Abstract 17- 0830-0845
Category: Clinical

At the end of the session, participants will be able to:

  1. Discuss molecular alterations that impact survival in grade 3 meningiomas.
  2. Illustrate immunohistochemical stains that may be used as potential surrogate markers for predicting molecular alterations in grade 3 meningiomas.

COI Disclosure:

None to disclose

Presenter

Karina Chornenka Martin is a PGY-4 Neuropathology Resident at the University of British Columbia.

Authors

Karina Chornenka Martin, MD1, Kira Tosefsky, BSc2, Alexander D. Rebchuk, MD MSc2, Justin Z. Wang, MD3,4,5, Gelareh Zadeh, MD PhD3,4,5, Serge Makarenko, MD2, Stephen Yip, MD PhD1

1 Department of Pathology & Laboratory Medicine, Faculty of Medicine, University of British Columbia, Vancouver, British Columbia, Canada

2 Division of Neurosurgery, University of British Columbia, Vancouver, Canada

3 Division of Neurosurgery, University of Toronto, Toronto, Canada

4 MacFeeters Hamilton Neuro-Oncology Program, Princess Margaret Cancer Centre, University Health Network and University of Toronto, Toronto, Ontario, Canada

5 Princess Margaret Cancer Centre, University Health Network, Toronto, Ontario, Canada

    Target Audience:

    Pathologists, Residents, Medical Students

    CanMEDS:
    Medical Expert (the integrating role), Communicator, Collaborator, Leader, Health Advocate, Scholar, Professional

    Using molecular and immunohistochemical features to predict outcomes in grade 3 meningiomas

    Abstract

    Objective: The WHO 2021 classification introduces molecular alterations in meningiomas that are associated with increased risk of recurrence and/or shortened overall survival (OS). These include TERT promoter (TERTp) mutations, CDKN2A/B homozygous deletion, H3 K27me3 loss, and BAP1 loss. With precise prognostic implications pending further characterization,  we explored these molecular alterations and associated clinical outcomes in a single-center cohort of grade 3 meningiomas. Furthermore, we examined whether MTAP and p16 immunohistochemistry can predict CDKN2A/B status. 

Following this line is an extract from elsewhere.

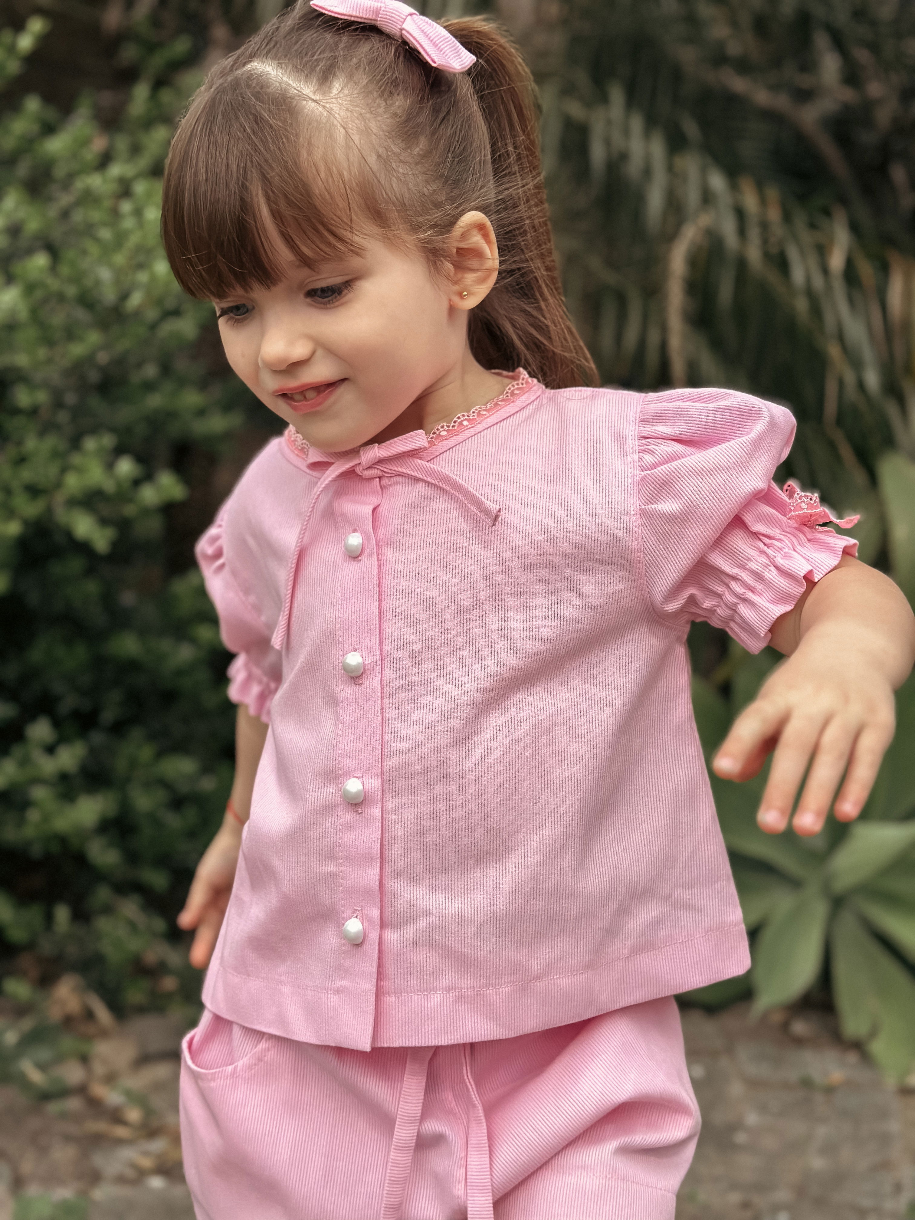 Una prenda que debe tener tu pequeña esta temporada 💕 Al igual que el short Lolita está confeccionada en piqué de algodón, una camisa corte A bastante amplia. Sus detalles de guipure en color rosa en el cuello y mangas lo son todo!!

    Methods: Clinical and histopathological information were obtained from the electronic medical records of grade 3 meningiomas resected at a tertiary center between 2007-2020. Molecular testing for TERTp mutations and CDKN2A/B status, methylation profiling, and immunohistochemistry for H3 K27me3, BAP1, p16, and MTAP were performed. Predictors of survival were identified by Cox regression. MTAP and p16 expression were assessed and correlated with CDKN2A/B status. 

    Results: Out of 15 cases included in the study, 8/15 were classified as anaplastic, 6/15 as rhabdoid and 1/15 as papillary. One rhabdoid tumour exhibited BAP1 loss, four tumours harboured TERTp mutations and three demonstrated CDKN2A/B homozygous deletion. TERTp mutations and CDKN2A status were associated with significant reductions in OS, which was independent of Simpson resection grade. Meningiomas with CDKN2A/B homozygous deletion showed consistent loss of p16 and MTAP immunoreactivity. 

    Conclusion:  TERTp mutations and CDKN2A/B homozygous deletion are significantly associated with reduced OS independent of resection extent. Our findings support using these molecular markers for prognostication in meningiomas. Additionally, this small series demonstrates that p16 and MTAP immunohistochemistry can predict CDKN2A/B status.